(Data provided begins)
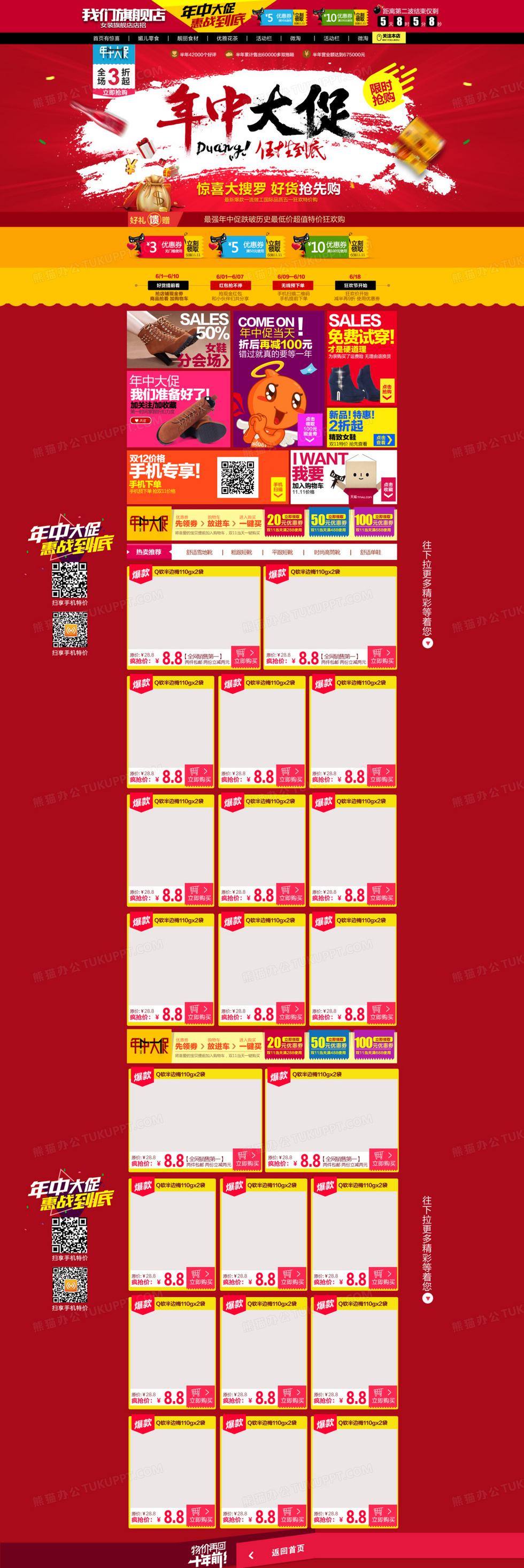 本作品内容为淘宝年中大促首页模板, 格式为 jpg, 图片尺寸为1920 x 5741, 作品中背景图片无需修改, 源文件无水印,可以直接使用, 欢迎使用熊猫办公。 如认为平台内容涉嫌侵权,可通过邮件:tousu@tukuppt.com提出书面通知,我们将及时处理。
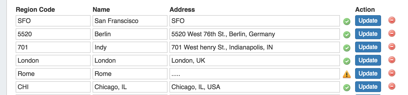 Valid addresses (according to Google's API) will show a green check mark next to the address field, invalid addresses (unable to be mapped) will show a yellow exclamation mark.
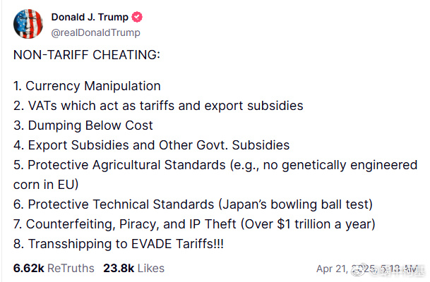 特朗普列舉了全球各地政府對美國的非關税性欺詐,包括
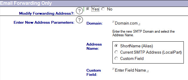 If using mail forwarding for mail routing to Office 365 or Exchange during the coexistence period without Integration, then select this option. This option will only update the Mail Forwarding Address in the selected Person document(s) rather than the Domain and Mail Type as the above operation performs. If No is selected then no changes will occur and the normal operations will be executed. |
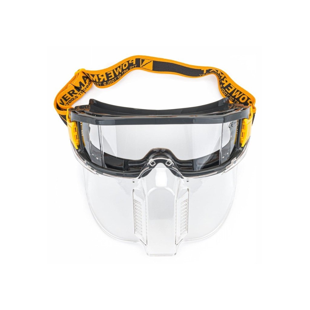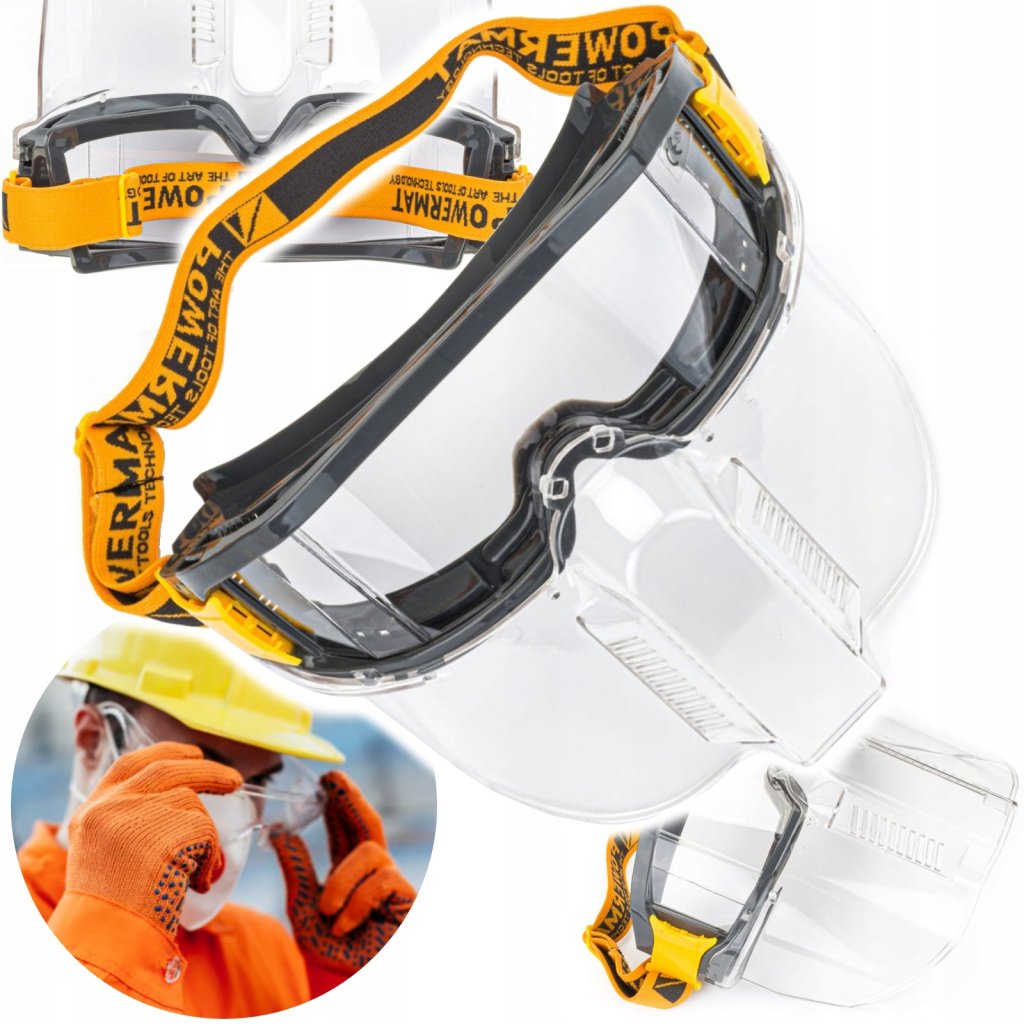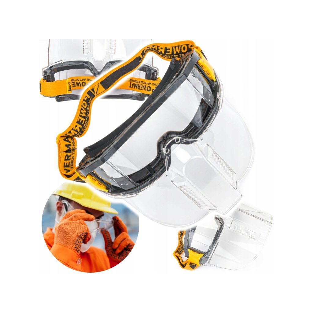 Ochranné brýle s vestavěnou maskou POWERMAT PM-GO-OG4 poskytují vysokou úroveň ochrany očí a obličeje proti mechanickým částicím, prachu, chemikáliím a postříkání. Jsou ideální pro stavební práce, řezání, broušení, vrtání a práci s chemickými látkami.
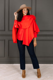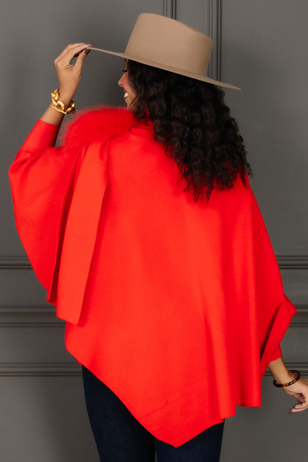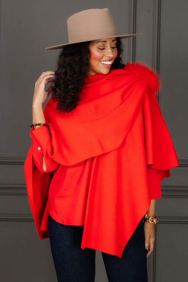 Stunning red poncho wrap crafted from soft, comfortable material. Features genuine fur loop detail for effortless styling and luxe appeal. Versatile layering piece that elevates any winter wardrobe with timeless elegance.
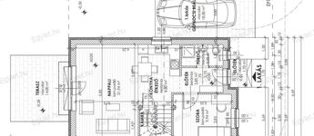 A ház egy nagyobb telken fekszik, melyből kb. 280 nm privát kert. Gépjármű beállási lehetőségével a fedett térkövezett gépjármű beállón lehet biztonságosan parkolni.
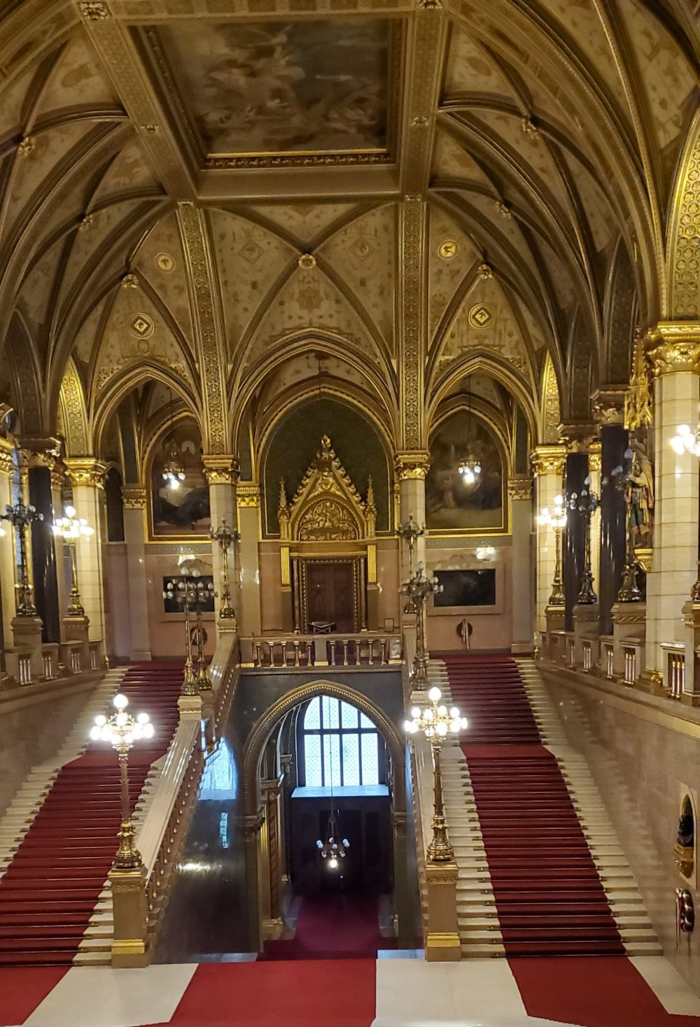 After breakfast, we walked to the House of Parliament, about a half-hour away on the banks of the Danube River, and took a tour. Aside from checking out a courtroom and seeing the heavily guarded Holy Crown (no photos permitted) we learned of the importance of the number 96 to Hungary. No building can be built to be over 96 meters, so it is not higher than St. Stephen’s Basilica and the Parliament building – important to church and state. Additionally, the main staircase in to Parliament has 96 steps, and the number figures importantly in other ways too numerous to mention.
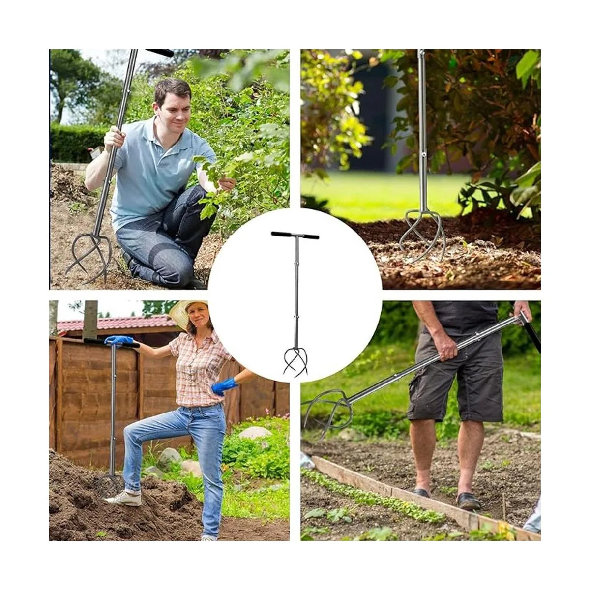 Fácil de usar: el lanzador manual es adecuado para suelos sueltos y también promueve el flujo libre de agua, aire y fertilizante para un patio y jardín más saludables y hermosos. Con las instrucciones para aflojar el suelo, solo 3 pasos para un fácil montaje: mantén el producto dos asas y deja que el diente toque el suelo; presiona hacia abajo las garras en el suelo y simultáneamente gíralas en el sentido de las agujas del reloj; tira hacia arriba de las garras. Sacudir el suelo, la hierba, las piedras. Ten en cuenta que no puede aflojar el cemento.
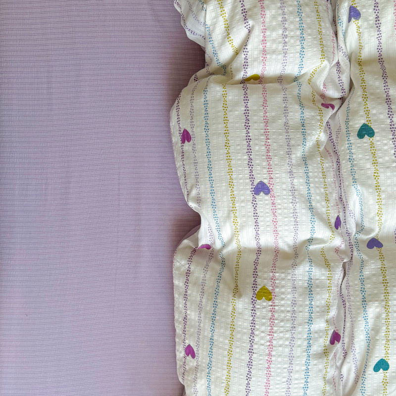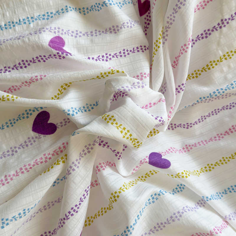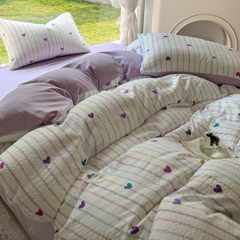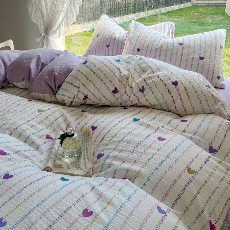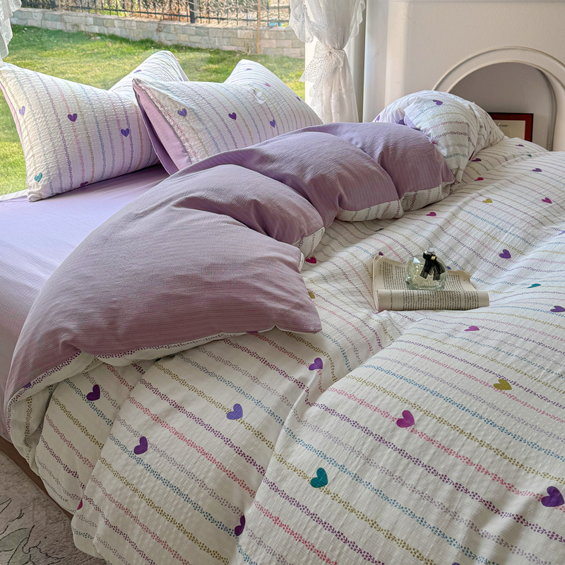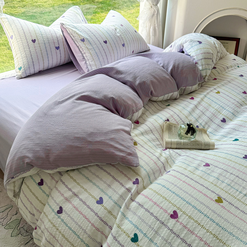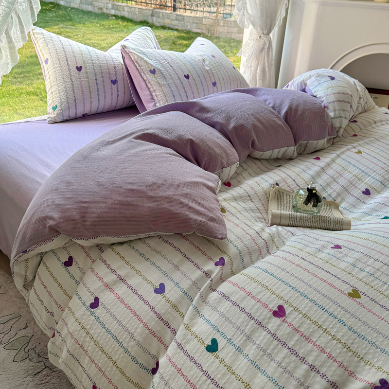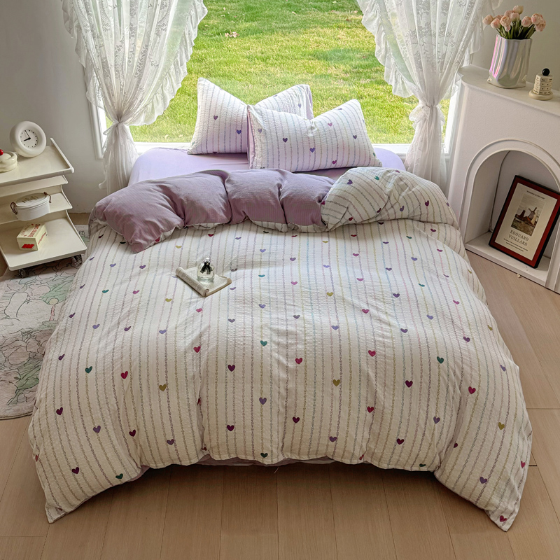 王朝国际 2025新款直播热款有氧提花有氧双层纱碎花单被套 紫爱心
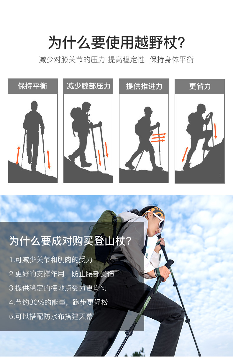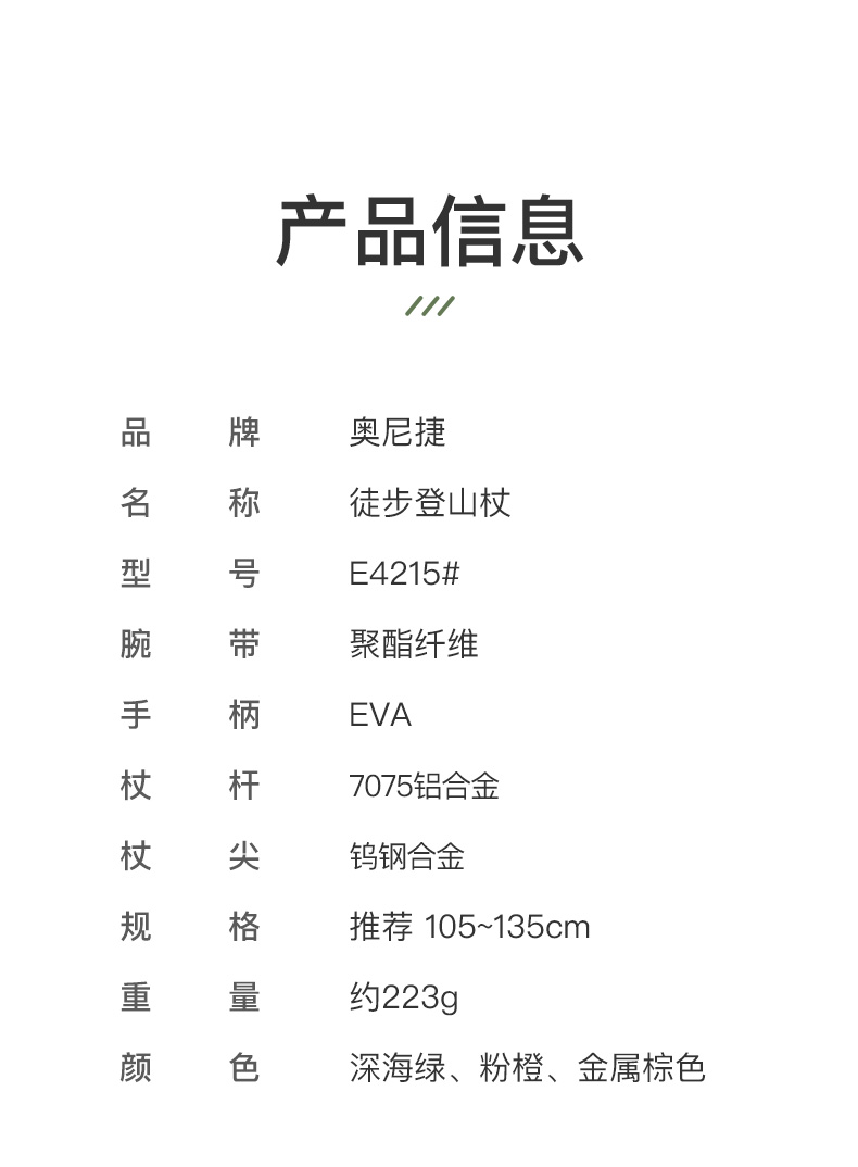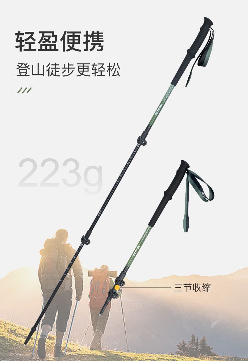奥尼捷徒步登山杖专业户外露营铝合金爬山装备可伸缩手杖徒步杖
(Data provided ends)
What to produce
Print the data above exactly, from its first line to the line bearing "特朗普列舉了全球各地政府對美國的非關税性欺詐,包括" inclusive, and keep pictures out of the result.

Solution to the problem
 本作品内容为淘宝年中大促首页模板, 格式为 jpg, 图片尺寸为1920 x 5741, 作品中背景图片无需修改, 源文件无水印,可以直接使用, 欢迎使用熊猫办公。 如认为平台内容涉嫌侵权,可通过邮件:tousu@tukuppt.com提出书面通知,我们将及时处理。
 Valid addresses (according to Google's API) will show a green check mark next to the address field, invalid addresses (unable to be mapped) will show a yellow exclamation mark.
 特朗普列舉了全球各地政府對美國的非關税性欺詐,包括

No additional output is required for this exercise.